* What is being asked:
Would you please repeat exactly the entries below, starting at the line with "本日と明日の2日間、全市一斉" and ending at the line with "Песель эффектно принес", and nothing outside that range? Leave out the pictures.

* Information given:
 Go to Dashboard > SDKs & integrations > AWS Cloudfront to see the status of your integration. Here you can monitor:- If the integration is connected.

--

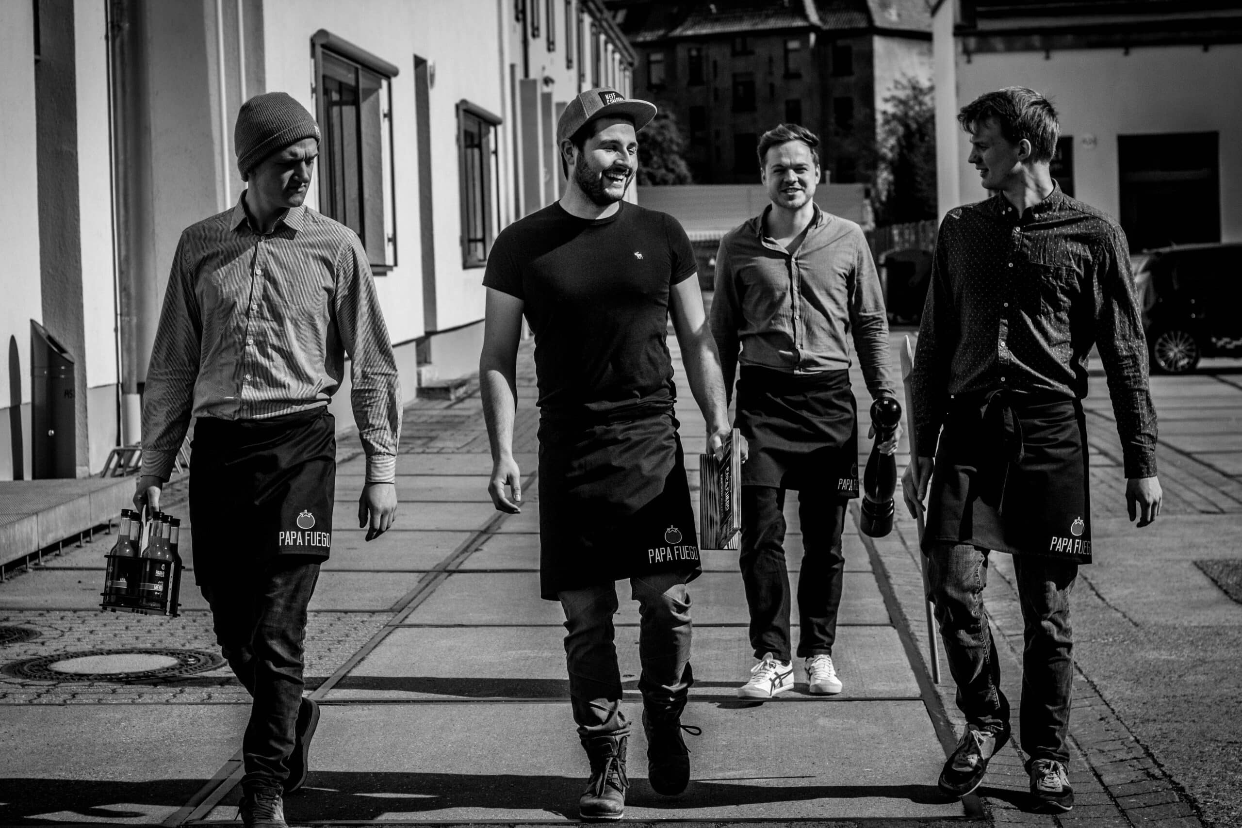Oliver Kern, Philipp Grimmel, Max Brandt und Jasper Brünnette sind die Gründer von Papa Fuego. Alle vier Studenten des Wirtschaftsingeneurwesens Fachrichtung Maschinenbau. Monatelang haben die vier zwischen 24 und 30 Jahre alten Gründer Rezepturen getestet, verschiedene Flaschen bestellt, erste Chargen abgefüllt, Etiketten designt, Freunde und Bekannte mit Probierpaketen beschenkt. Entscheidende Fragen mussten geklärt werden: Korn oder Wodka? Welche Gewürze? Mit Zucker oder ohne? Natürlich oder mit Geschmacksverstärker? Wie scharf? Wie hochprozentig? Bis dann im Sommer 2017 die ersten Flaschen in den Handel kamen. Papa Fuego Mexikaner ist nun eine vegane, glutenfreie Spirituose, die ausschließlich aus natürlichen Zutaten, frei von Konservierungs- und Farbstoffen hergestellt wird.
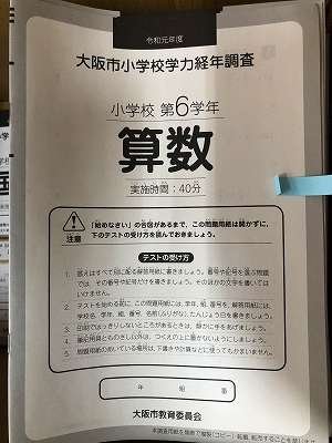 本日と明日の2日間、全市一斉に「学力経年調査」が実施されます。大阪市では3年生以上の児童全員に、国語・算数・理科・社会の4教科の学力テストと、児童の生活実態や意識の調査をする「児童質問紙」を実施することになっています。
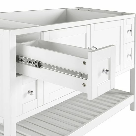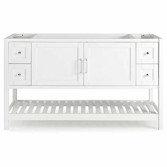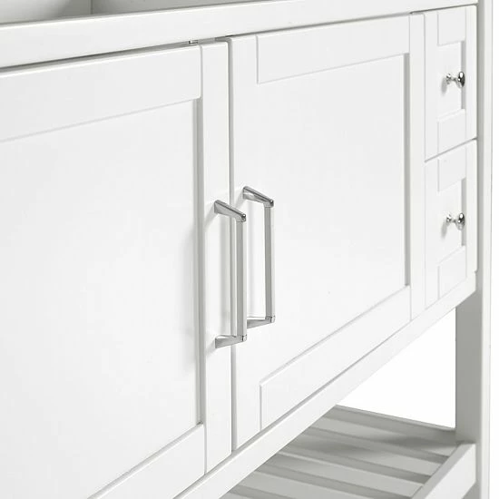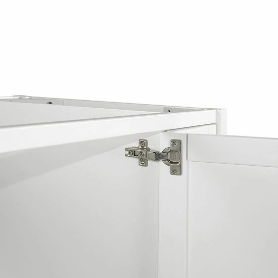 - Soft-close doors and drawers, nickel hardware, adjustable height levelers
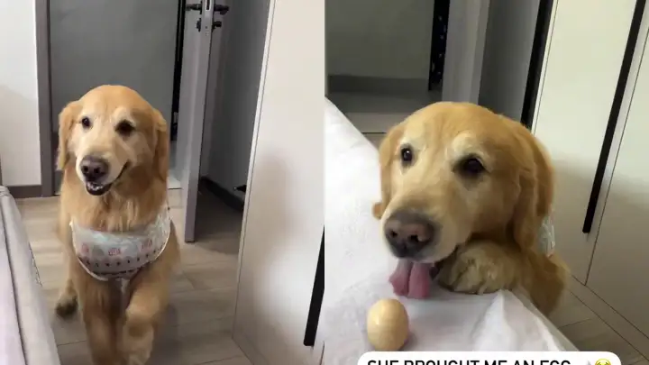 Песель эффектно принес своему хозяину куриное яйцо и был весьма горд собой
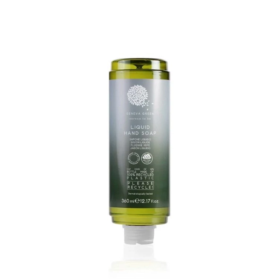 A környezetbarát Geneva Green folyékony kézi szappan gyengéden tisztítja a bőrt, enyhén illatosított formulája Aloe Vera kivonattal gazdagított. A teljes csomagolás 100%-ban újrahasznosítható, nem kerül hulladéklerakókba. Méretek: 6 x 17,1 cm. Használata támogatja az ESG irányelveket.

--

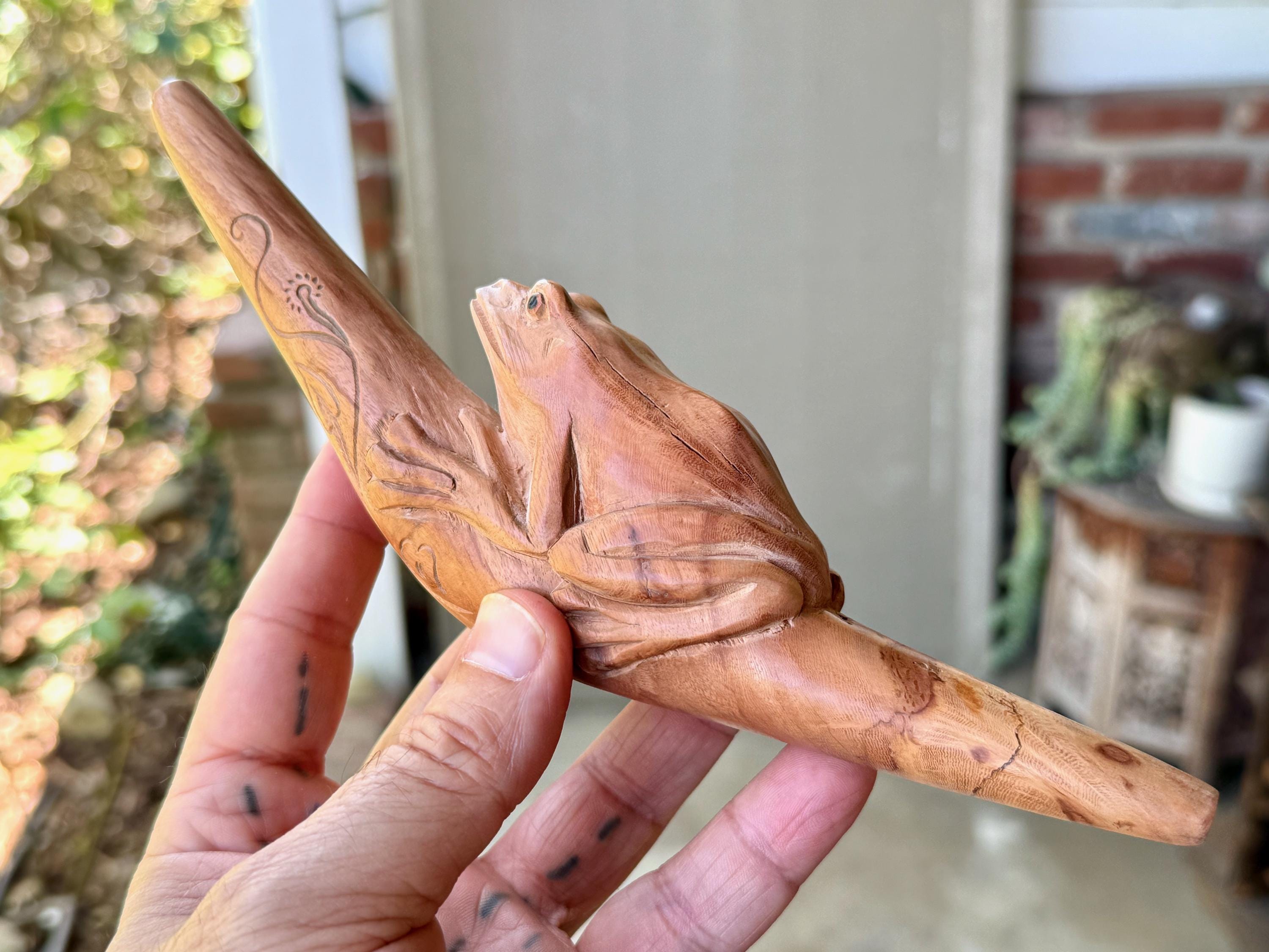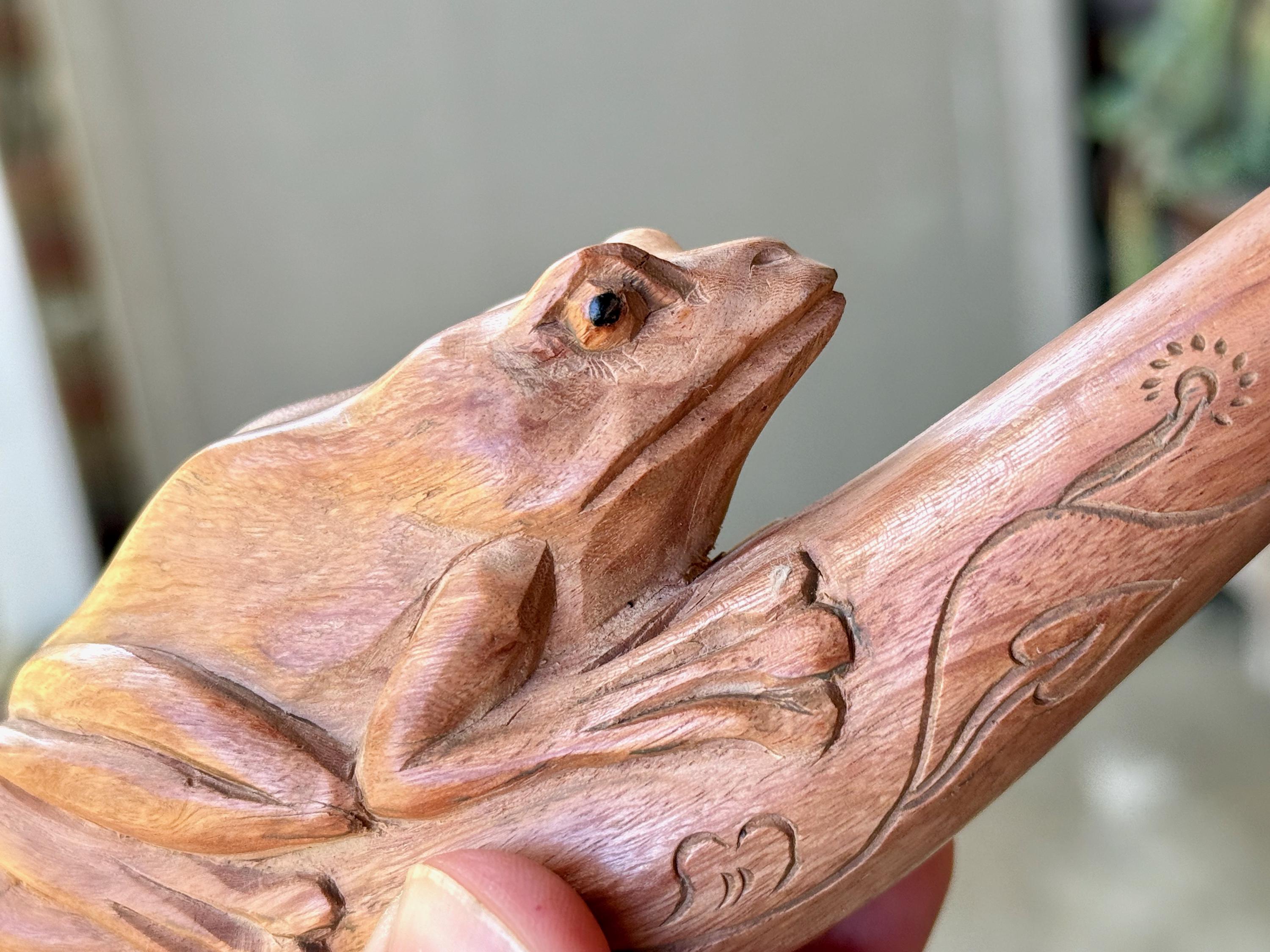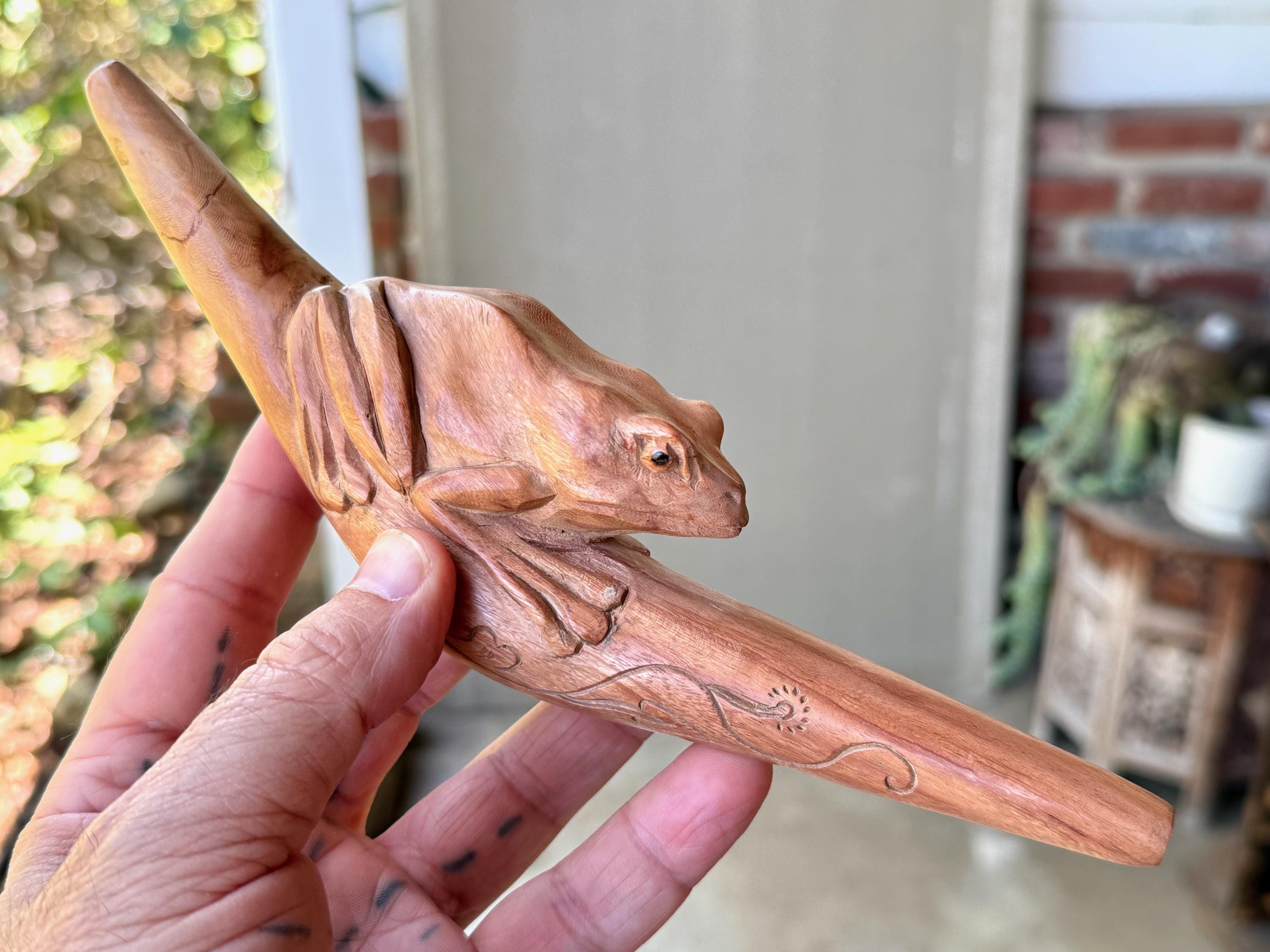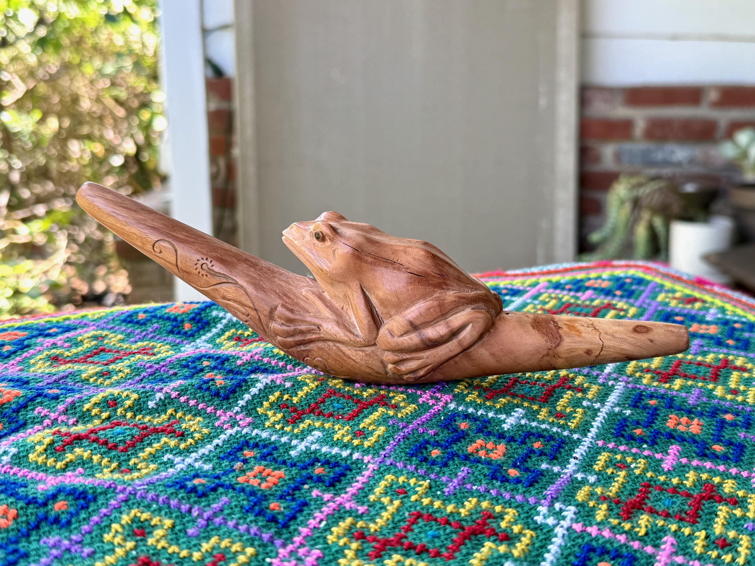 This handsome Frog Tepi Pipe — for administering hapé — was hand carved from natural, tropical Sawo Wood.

* Exercise response:
 本日と明日の2日間、全市一斉に「学力経年調査」が実施されます。大阪市では3年生以上の児童全員に、国語・算数・理科・社会の4教科の学力テストと、児童の生活実態や意識の調査をする「児童質問紙」を実施することになっています。
 - Soft-close doors and drawers, nickel hardware, adjustable height levelers
 Песель эффектно принес своему хозяину куриное яйцо и был весьма горд собой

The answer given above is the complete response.